■ Work to complete ■
Word-for-word transcription: reproduce all of the data, but not the pictures.
Source material: Begin
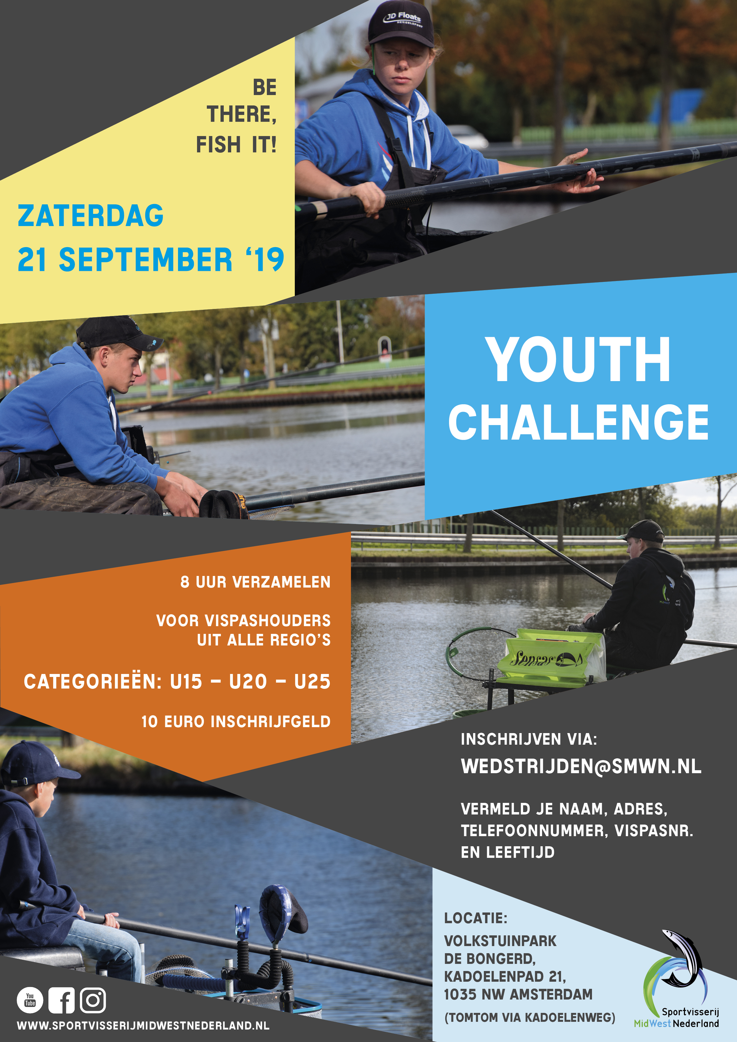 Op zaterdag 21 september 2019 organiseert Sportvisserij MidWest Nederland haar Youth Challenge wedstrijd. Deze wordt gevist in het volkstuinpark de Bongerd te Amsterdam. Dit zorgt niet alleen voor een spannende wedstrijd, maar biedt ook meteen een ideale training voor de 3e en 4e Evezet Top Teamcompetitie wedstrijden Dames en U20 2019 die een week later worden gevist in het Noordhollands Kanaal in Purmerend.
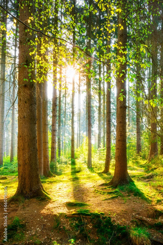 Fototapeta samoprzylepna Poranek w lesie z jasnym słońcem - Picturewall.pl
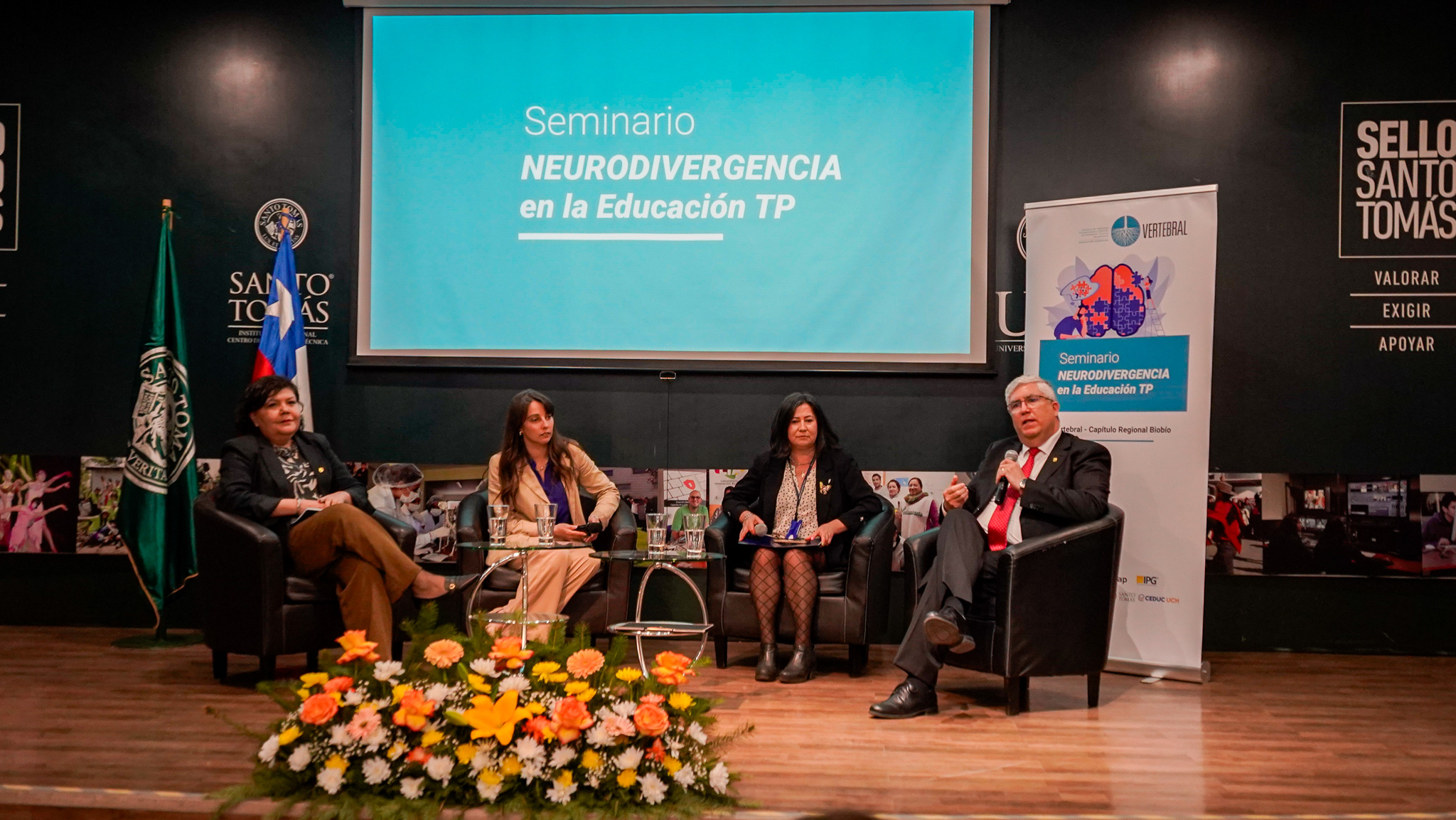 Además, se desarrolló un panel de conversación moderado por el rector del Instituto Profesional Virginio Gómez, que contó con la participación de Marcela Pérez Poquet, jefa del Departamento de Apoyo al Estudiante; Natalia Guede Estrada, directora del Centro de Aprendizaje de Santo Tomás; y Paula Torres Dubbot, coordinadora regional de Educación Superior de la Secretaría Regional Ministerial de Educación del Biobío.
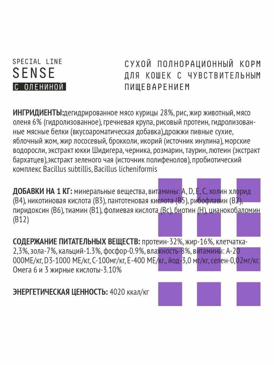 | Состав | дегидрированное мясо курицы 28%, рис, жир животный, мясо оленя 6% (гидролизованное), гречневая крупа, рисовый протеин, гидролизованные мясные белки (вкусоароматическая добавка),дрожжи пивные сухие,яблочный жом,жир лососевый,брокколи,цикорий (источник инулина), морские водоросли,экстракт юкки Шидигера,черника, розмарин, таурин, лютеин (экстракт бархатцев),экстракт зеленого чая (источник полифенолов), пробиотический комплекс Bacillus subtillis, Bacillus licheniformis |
Source material: End
■ Exercise response ■
 Op zaterdag 21 september 2019 organiseert Sportvisserij MidWest Nederland haar Youth Challenge wedstrijd. Deze wordt gevist in het volkstuinpark de Bongerd te Amsterdam. Dit zorgt niet alleen voor een spannende wedstrijd, maar biedt ook meteen een ideale training voor de 3e en 4e Evezet Top Teamcompetitie wedstrijden Dames en U20 2019 die een week later worden gevist in het Noordhollands Kanaal in Purmerend.
 Fototapeta samoprzylepna Poranek w lesie z jasnym słońcem - Picturewall.pl
 Además, se desarrolló un panel de conversación moderado por el rector del Instituto Profesional Virginio Gómez, que contó con la participación de Marcela Pérez Poquet, jefa del Departamento de Apoyo al Estudiante; Natalia Guede Estrada, directora del Centro de Aprendizaje de Santo Tomás; y Paula Torres Dubbot, coordinadora regional de Educación Superior de la Secretaría Regional Ministerial de Educación del Biobío.
 | Состав | дегидрированное мясо курицы 28%, рис, жир животный, мясо оленя 6% (гидролизованное), гречневая крупа, рисовый протеин, гидролизованные мясные белки (вкусоароматическая добавка),дрожжи пивные сухие,яблочный жом,жир лососевый,брокколи,цикорий (источник инулина), морские водоросли,экстракт юкки Шидигера,черника, розмарин, таурин, лютеин (экстракт бархатцев),экстракт зеленого чая (источник полифенолов), пробиотический комплекс Bacillus subtillis, Bacillus licheniformis |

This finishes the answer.